- **Your goal**
Starting with the line that contains "Счётчик газа диафрагменный" and stopping after the line that contains "[แพ็ค 3 ขวด]", copy the entries below exactly. Include nothing else.

- **Supplied records**
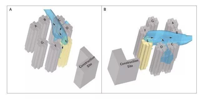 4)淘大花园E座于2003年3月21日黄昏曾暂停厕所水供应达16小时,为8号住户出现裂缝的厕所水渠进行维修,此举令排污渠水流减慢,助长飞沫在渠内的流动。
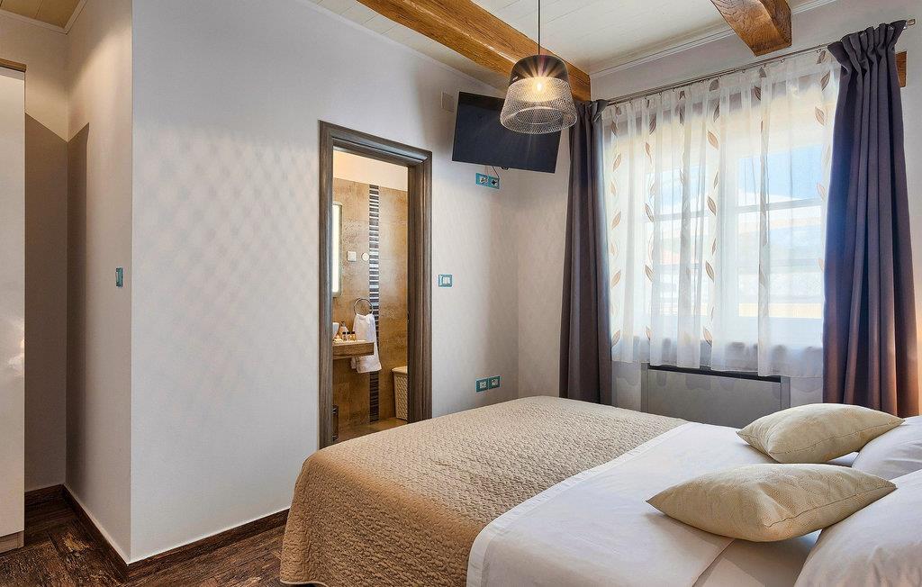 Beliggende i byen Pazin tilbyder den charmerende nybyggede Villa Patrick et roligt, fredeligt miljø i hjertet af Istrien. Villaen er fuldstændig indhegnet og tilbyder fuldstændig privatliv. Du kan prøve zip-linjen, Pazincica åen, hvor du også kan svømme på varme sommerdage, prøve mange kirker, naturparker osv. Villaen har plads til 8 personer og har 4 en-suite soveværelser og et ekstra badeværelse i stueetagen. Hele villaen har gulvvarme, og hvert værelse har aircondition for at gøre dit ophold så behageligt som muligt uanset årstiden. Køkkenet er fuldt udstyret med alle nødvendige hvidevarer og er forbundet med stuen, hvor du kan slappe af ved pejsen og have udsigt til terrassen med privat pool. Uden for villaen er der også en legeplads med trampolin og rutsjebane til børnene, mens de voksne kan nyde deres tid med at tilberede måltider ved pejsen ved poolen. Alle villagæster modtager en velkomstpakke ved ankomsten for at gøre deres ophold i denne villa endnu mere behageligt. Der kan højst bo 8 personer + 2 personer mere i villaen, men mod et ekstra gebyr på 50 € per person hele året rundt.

...

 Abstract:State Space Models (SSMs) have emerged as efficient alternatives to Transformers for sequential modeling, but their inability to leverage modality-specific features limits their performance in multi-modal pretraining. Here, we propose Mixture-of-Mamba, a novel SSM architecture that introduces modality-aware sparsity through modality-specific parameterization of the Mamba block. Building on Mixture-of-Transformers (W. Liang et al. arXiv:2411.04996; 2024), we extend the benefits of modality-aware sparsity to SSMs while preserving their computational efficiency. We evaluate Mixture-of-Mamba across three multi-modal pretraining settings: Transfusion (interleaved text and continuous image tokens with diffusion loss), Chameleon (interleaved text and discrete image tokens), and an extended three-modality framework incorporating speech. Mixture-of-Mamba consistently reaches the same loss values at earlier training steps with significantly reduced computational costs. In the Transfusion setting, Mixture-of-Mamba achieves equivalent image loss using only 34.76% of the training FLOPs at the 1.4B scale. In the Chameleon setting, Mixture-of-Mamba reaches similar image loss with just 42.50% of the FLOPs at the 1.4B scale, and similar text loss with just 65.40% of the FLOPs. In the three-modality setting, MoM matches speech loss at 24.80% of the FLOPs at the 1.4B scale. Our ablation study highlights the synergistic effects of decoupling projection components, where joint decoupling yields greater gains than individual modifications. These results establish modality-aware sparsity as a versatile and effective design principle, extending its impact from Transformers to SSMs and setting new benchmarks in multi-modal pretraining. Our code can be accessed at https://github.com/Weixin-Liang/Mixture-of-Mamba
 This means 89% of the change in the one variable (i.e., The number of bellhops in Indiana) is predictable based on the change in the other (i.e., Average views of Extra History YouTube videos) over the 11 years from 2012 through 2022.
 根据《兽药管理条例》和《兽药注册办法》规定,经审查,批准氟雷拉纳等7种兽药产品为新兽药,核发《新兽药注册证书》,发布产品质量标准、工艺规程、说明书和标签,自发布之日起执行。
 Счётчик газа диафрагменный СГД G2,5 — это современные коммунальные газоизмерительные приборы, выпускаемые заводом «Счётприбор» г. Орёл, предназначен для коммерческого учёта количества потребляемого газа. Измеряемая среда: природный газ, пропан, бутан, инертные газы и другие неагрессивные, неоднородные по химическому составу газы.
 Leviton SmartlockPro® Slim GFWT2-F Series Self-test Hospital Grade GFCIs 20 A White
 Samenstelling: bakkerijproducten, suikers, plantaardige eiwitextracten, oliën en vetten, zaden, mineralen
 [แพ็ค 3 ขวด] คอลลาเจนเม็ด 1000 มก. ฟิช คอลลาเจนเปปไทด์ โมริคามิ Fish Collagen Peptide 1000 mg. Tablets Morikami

- **Result of the exercise**
 Счётчик газа диафрагменный СГД G2,5 — это современные коммунальные газоизмерительные приборы, выпускаемые заводом «Счётприбор» г. Орёл, предназначен для коммерческого учёта количества потребляемого газа. Измеряемая среда: природный газ, пропан, бутан, инертные газы и другие неагрессивные, неоднородные по химическому составу газы.
 Leviton SmartlockPro® Slim GFWT2-F Series Self-test Hospital Grade GFCIs 20 A White
 Samenstelling: bakkerijproducten, suikers, plantaardige eiwitextracten, oliën en vetten, zaden, mineralen
 [แพ็ค 3 ขวด] คอลลาเจนเม็ด 1000 มก. ฟิช คอลลาเจนเปปไทด์ โมริคามิ Fish Collagen Peptide 1000 mg. Tablets Morikami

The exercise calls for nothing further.